His emails showed his growing rage with school employees who refused to give up their refrigerators.

It started with energy savings. Raucci noted that in many school buildings, there were dorm-size refrigerators and microwaves in most of the classrooms. He wanted to consolidate, placing appliances in the faculty lounges and the main office. That had the added benefit of discouraging teachers from eating in their classroom, which was not allowed because of a recurring pest problem.

But a few teachers dug in their heels. There was the diabetic who needed constant access to his insulin, nursing mothers who had to refrigerate their milk and teachers who simply wanted to keep their food in their classroom.

One teacher said Raucci should understand that professionals have the right to toast their bread. Others wrote about long lines at the microwaves as they waited to heat up their lunch.

At first, Raucci reacted calmly, allowing additional appliances but insisting that they be unplugged when not in use. He said he would decide which appliances got to stay.

Principal Alan Zemser fought back, accusing Raucci of trying to “usurp the authority of the principals.”

Zemser said he’d make his own decisions about each appliance in his school, adding that Superintendent John Falco had asked each principal to make their own judgments.

But a few months later, Eric Ely became superintendent and Raucci began inspecting school buildings at night in search of appliances.

In October 2006, he cut three extension cords in one night to try to stop teachers from using appliances he had not approved. In each case, the power cords were leading into locked closets that he couldn’t enter — and turned out not to be attached to appliances.

Assistant Superintendent Michael San Angelo quickly spoke with Raucci then sent Ely an email saying that Raucci had agreed never to cut cords again. Instead, San Angelo wrote, Raucci would notify the principal.

Raucci also wrote to the principal of the building in question, Gregory Fields, saying, “It has come to my attention yet again that I could be acting in extremes or treating people like children when trying to instill the importance of the Energy Conservation Guidelines that are set up throughout the school district.”

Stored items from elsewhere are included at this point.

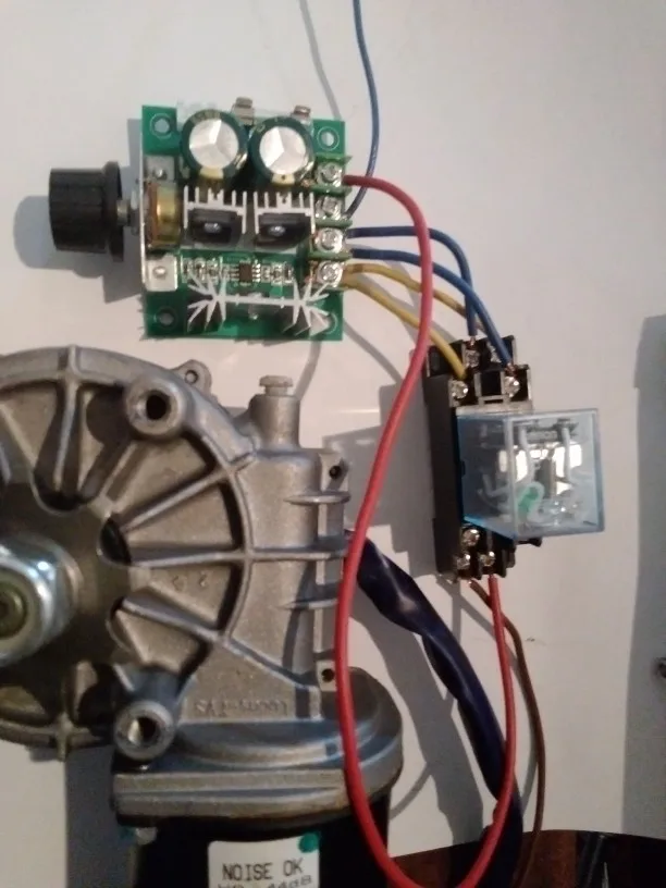 Закрепленная и коническая шестерня для стеклоочистителя с червячным приводом, используются реле и регулятор скорости для переключения направления скорости управления двигателем стеклоочистителя от 0 до 100 процентов Много мощности для устройства, которое я создал. Купил регулятор скорости и реле на AliExpress.
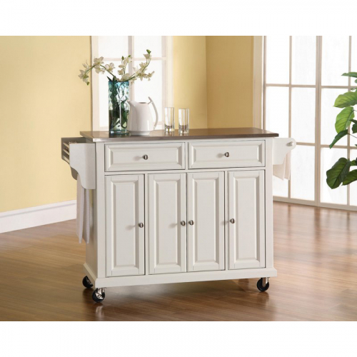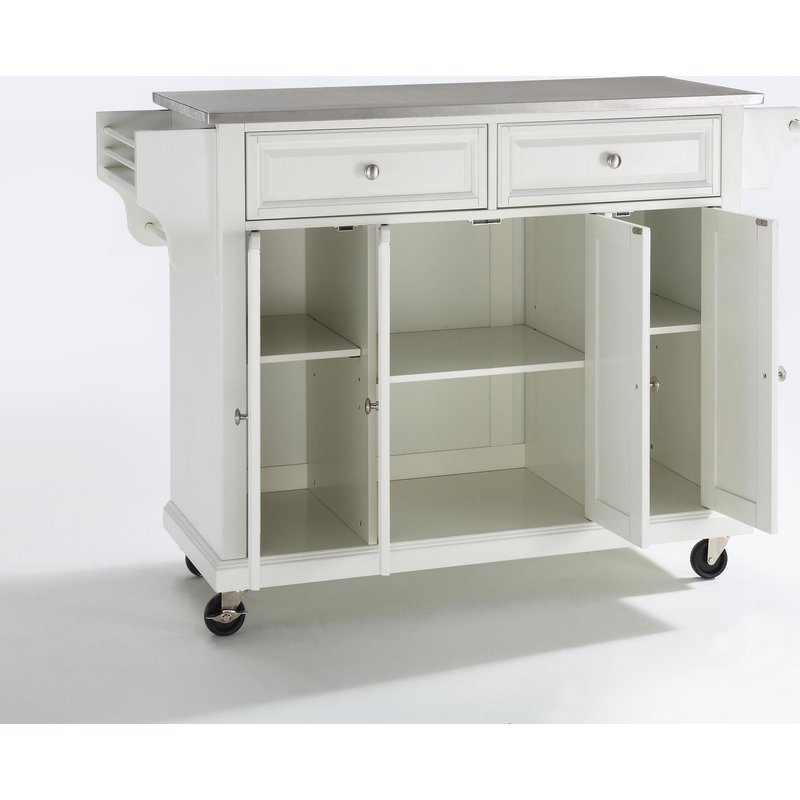 Crosley Kitchen Cart Island in White Finish with Stainless Steel Top
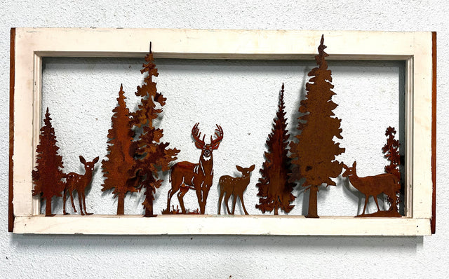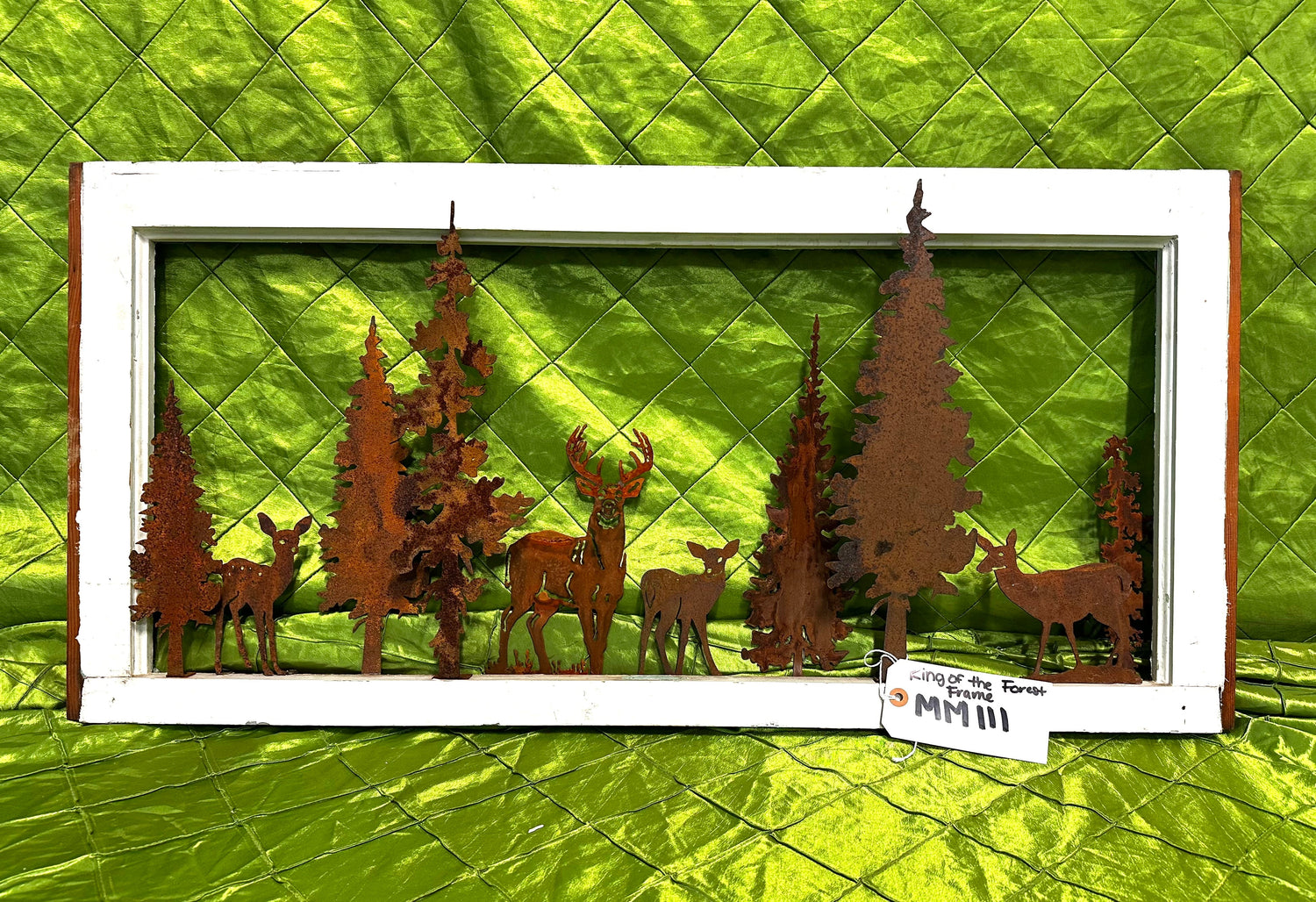 Transform your home into an enchanting woodland with the King of The Forest Frame. This beautiful metal artwork features a graceful deer family, handcrafted by owner of Rusty Birds, Jay Crowdus. The unique white window frame adds a touch of rustic charm to any room.
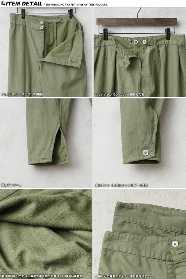 | 商品説明 | 実物 新品 デッドストック ロシア軍 70s スリーピングパンツ ウエストボタン OD染めのご紹介です。 70年代に使用されていたロシア軍(旧ソビエト連邦)のスリーピングパンツです。 元々ホワイトだったのですが、染め職人に丁寧にOD染めしていただきました。 ODにする事でかなり良い雰囲気になり、着込むことでさらに風合いの増す1着です。 シンプルなアイテムですが裾にかけてテーパードしたキレイなシルエットがポイントです。裾はボタンで開閉し、着脱がしやすくなっています。ウエストは前後共にボタン留めのデザイン。バックボタンでウエストの調節も可能です。後ろにはタック入りでシンプルながら考えられたデザインです。 程よく肉厚でハリのあるコットン100%生地は雰囲気抜群で、ネップ感のある年代の古いコットンの風合いも抜群です。 裏は微起毛しており、素肌で穿いた時の肌触りも心地良い1枚です。 1点1点微妙に異なった表情も魅力で、スリーピングパンツはスニーカー、ローファー、サンダルなどとも相性抜群で、程よく着くずすしリラックスしたスタイルに最適で気軽に穿いていただけるアイテムです。 | ||||||||||||||||||||||||||||||||||||

But Raucci defended himself, saying extension cords are a fire hazard.

For a few months, the secret inspections appeared to stop.

Then Ely sent out a memo banning all “unapproved” appliances, and Raucci took action.

Empowered, Raucci set out to enforce the new directive. Many emails sent to Ely seeking permission for an appliance were forwarded, without comment, to Raucci, who wrote back to the applicant.

Raucci was confident enough of Ely’s support that when a teacher demanded a written, signed refusal for a refrigerator, he gave her Ely’s name.

With his new authority, Raucci began searching school buildings, opening filing cabinets and closets in search of any proof that the occupants were hiding unapproved appliances.

“I’ve found refrigerators, microwaves, toaster ovens and ‘electric blankets’ in drawers, closets, under desks, camouflaged under classroom material and even behind books on a bookshelf or on a window sill with the shades drawn,” he boasted in a 2008 email to Principal Michelle VanDerLinden. “The more they try to outsmart me, the smarter I get.”

In another email, he implied that he broke a teacher’s private lock in a closet and found a refrigerator powered by an extension cord. He opened the closet, he said, because he suspected the extension cord led to an illicit appliance.

Teachers began to criticize his methods, and the insults clearly struck a nerve. In an email to Principal Sean Inglee, Raucci fantasized about using those insults on the teachers who hid appliances in their classrooms.

He had just found a microwave hidden in the back corner of a classroom under a red tablecloth.

“I bet if I confronted the person in that room and told her what a sneaky, selfish, childish thing to do, she would say, ‘How dare you, I’m a professional and I expect to be treated like one,’ ” Raucci wrote.

He ended the email by implying that she was a child.

“Please see that she removes the microwave by the end of the day Friday or daddy will be by Saturday morning and take it away,” he wrote.